* [Activity] Your copy should begin with the line containing "Bollywood actor Rekha", end with the line containing "Pendul RFAN, Model", match the listing below exactly, and contain no pictures.

* [Stored data]
-------

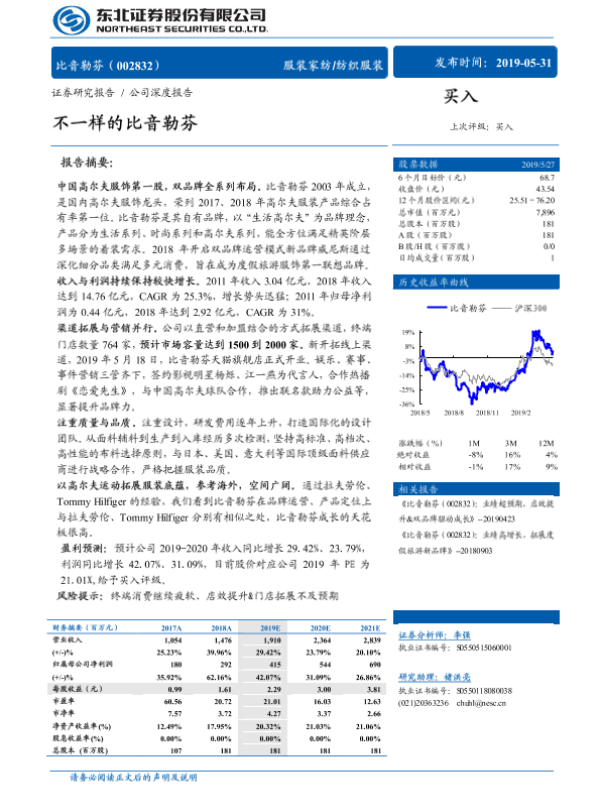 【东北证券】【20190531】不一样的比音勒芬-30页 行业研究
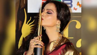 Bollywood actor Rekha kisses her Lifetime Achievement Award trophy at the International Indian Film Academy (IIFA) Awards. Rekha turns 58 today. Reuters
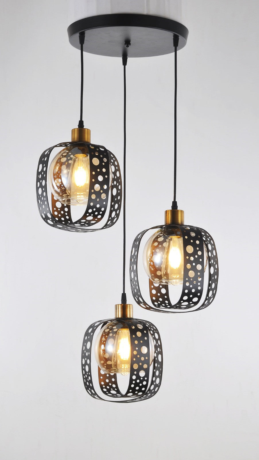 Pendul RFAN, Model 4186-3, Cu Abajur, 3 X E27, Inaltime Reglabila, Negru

-------

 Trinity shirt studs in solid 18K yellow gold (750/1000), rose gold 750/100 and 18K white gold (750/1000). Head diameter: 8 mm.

-------

* [Response box]
 Bollywood actor Rekha kisses her Lifetime Achievement Award trophy at the International Indian Film Academy (IIFA) Awards. Rekha turns 58 today. Reuters
 Pendul RFAN, Model 4186-3, Cu Abajur, 3 X E27, Inaltime Reglabila, Negru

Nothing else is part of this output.